Joseph Ballew left the platform. The dancers remained, pivoting on their heels and gazing around the room, until someone started a record of Frank Sinatra singing “Young at Heart.” Then they gave up and wandered back to their seats.

“That Joseph Ballew is my ideal,” Fay-Jean said. “You can have your big names, I don’t care. He is only nineteen but looks twenty-five, at least, those two cool lines running down alongside his mouth.”

“Have you ever gone up and talked to him?” Evie asked.

“Oh, sure, all the time. Once I called him on the phone and he let on he was busy, but I could tell he was right tickled to be called.”

“What would you say if you went up?” Evie asked.

“Why, anything that comes to your head. You’ll see. Aren’t you going to go talk to Casey?”

“Oh, I couldn’t,” Evie said.

Her beer was brought to her in a chipped glass mug. She took small sips of it and looked sideways at the other customers.

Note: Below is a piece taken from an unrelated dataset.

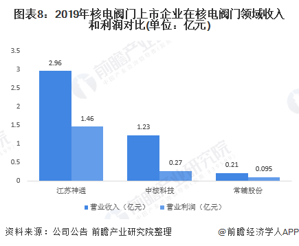 從上市的核電閥門企業(yè)分析,2019年江蘇神通在核電閥門產(chǎn)品中實(shí)現(xiàn)營(yíng)業(yè)收入2.96億元,營(yíng)業(yè)利潤(rùn)1.46億元,相較于中核科技和常輔股份而言擁有較大的銷售競(jìng)爭(zhēng)力。

“Once,” said Fay-Jean, “a girl fell out, right about where I am sitting. She was listening to the music and then the next thing you know had fell out. Laying out on the floor with her eyes shut. I would have been right embarrassed, if I was her.”

“Who was it over?” Violet asked. “Drumstrings Casey or Joseph Ballew?”

“What? Oh, I don’t know. It turned out to be a fit of some kind, nothing either of them bothered taking credit for. I will say this, though, she got a right smart of attention for it. They had to lay her out clear across a table. When she came to, Casey said, ‘This here is for that pretty little girl yonder on the table,’ and he played her a song. It was all wasted, though. Seems she didn’t even know she had fell out; she just slid down to her seat and looked around her for some time, smiling kind of baffled-like.”

“Is that right?” Evie said. She studied the foam on her beer a minute. Then she said, “Well, talking about attention. Would it cause a fuss if I were to snap his picture? I brought my Kodak.”

“Oh, I thought I had give you that portrait,” Fay-Jean said.

“You did,” Violet told her. “I remember it, clearly.”

“Well, I can’t see how taking a picture would do any harm. Joseph Ballew once had a lady here snapping photos all evening long, writing him up for a motel newspaper.”